= Dena Katzenberg =

Dena Katzenberg (October 29, 1922 – November 25, 2000) was the longtime textile curator at the Baltimore Museum of Art and is noted for her scholarship on Baltimore album quilts.

== Early life ==

Dena Katzenberg was born in Baltimore. Enthralled by color and its unconventional applications, Katzenberg often visited the color laboratory at the Farboil Paint Company, owned by her father, which manufactured paint for the maritime industry. After graduating from Forest Park High School, Johns Hopkins University, and the New York School of Design, she headed the interior design studio at the May Company later called Hecht Co.

== Museum Curator ==

In the 1970s, Dena Katzenberg joined the Baltimore Museum of Art (BMA) as the institution’s consulting textile curator. Katzenberg organized numerous exhibitions during her tenure including the multi-disciplinary show “Blue Traditions” in 1973, “And Eagles Sweep Across the Sky,” which promoted Native American crafts in 1977, and “Patterns in a Revolution: French Printed Textiles. 1759-1821” which was installed in the BMA in 1988 and then went on to be exhibited at the Taft Museum in Cincinnati. She had a particular interest in Baltimore album quilts and drew national attention to these quilts sewn by Baltimore women during the 1840s. In 1981, she organized and wrote the catalogue for an exhibition of Baltimore Album quilt coverlets at the American Wing of the Metropolitan Museum of Art.

== Personal life ==

In 1946, she married Morton C. Katzenberg, whose family founded Merrygarden sportswear manufacturing company. Katzenberg had two sons David and Steve. Her son David died on June 24, 2000.

== External References ==

- Amelia Peck, American Quilts & Coverlets (New York: The Metropolitan Museum of Art, 1990).
- Loren R. Lerner & Mary F. Williamson, Art and Architecture in Canada: A Bibliography and Guide to the Literature v.1 (Toronto: University of Toronto Press, 1991).
- Dena S. Katzenberg, The Great American Cover-Up: Counterpanes of the Eighteenth and Nineteenth Centuries (Baltimore: The Baltimore Museum of Art, 1971).
- Dena S. Katzenberg, Baltimore Album Quilts (Baltimore: The Baltimore Museum of Art, 1981).
- Dena S. Katzenberg, Blue traditions: Indigo Dyed Textiles and Related Cobalt Glazed Ceramics from the 17th through the 19th century (Baltimore: The Baltimore Museum of Art, 1973).
- Zoe Annuis Perkins “Textiles from the Collection” Bulletin 21:1 (Spring 1994: St.
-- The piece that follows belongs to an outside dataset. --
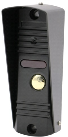 Цветная 4-х проводная вызывная панель, 1/3" CMOS 600ТВЛ, угол обзора 68°, ИК-подсветка до 3м, питание DC 12В от монитора, рабочая температура -40°С до +50°С, в комплекте уголовой кронштейн, козырек, размер 122x41x23мм, цвет черный
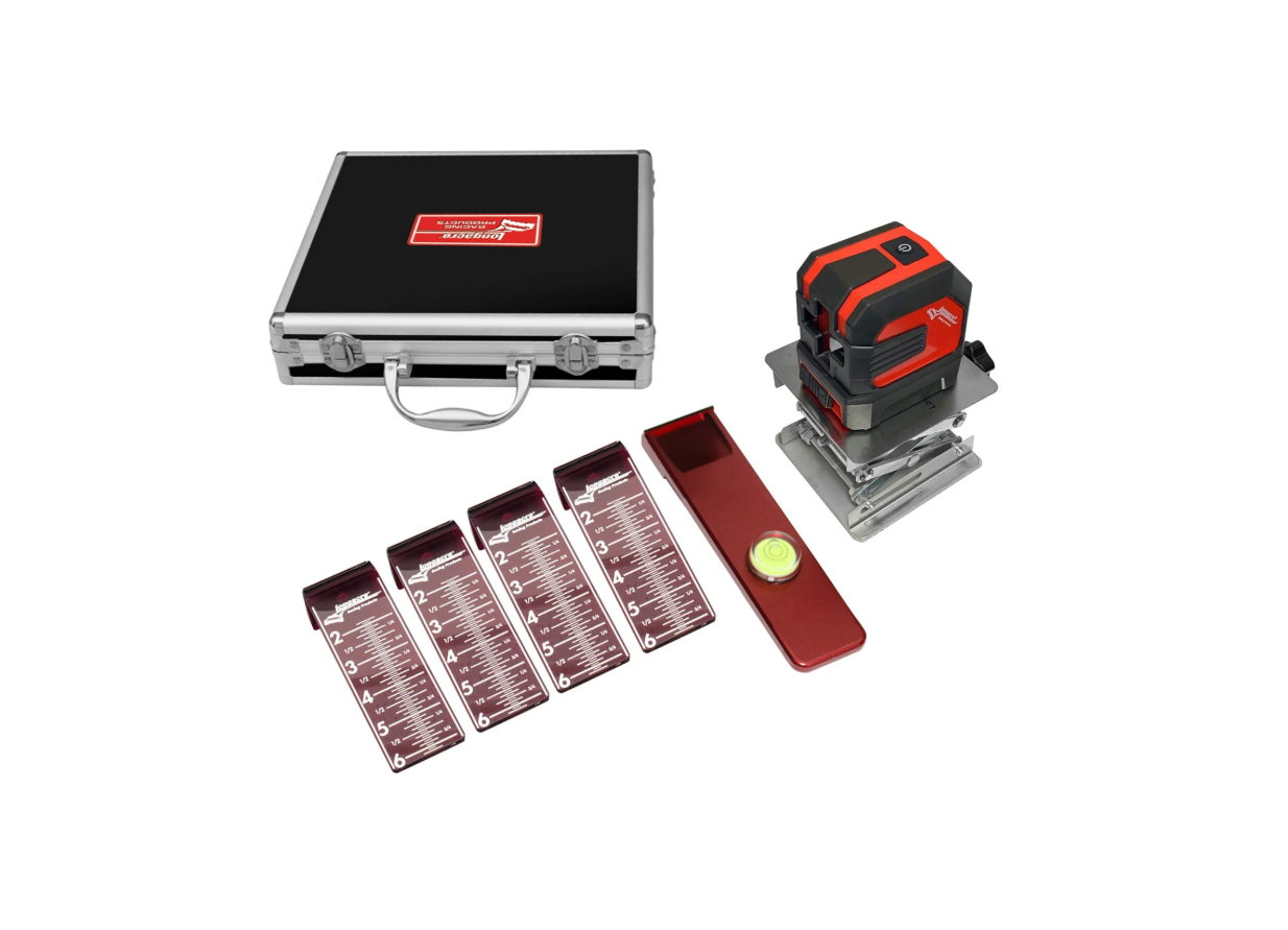 - Includes an easy to setup self-leveling beam laser, 4 easy to read targets that are held to the frame with magnets and a separate pad leveling target for leveling the scale pads and establishing the 'ground plane' to measure chassis heights.

Louis Art Museum, 1-63).
- ”Focus-Textile Show not for Ladies Only” 9 Dec. 1973 The Sun, D5.
- ”Indian blankets, baskets to be exhibited at museum” 18 Sept. 1977 The Sun, D12.
- John Dorsey, “Textiles that Speak for a Culture” 2 Oct. 1977 The Sun, SU10.
- ”Museum awarded $68,280 for research, catalogues” 10 Apr. 1977 The Sun, N6.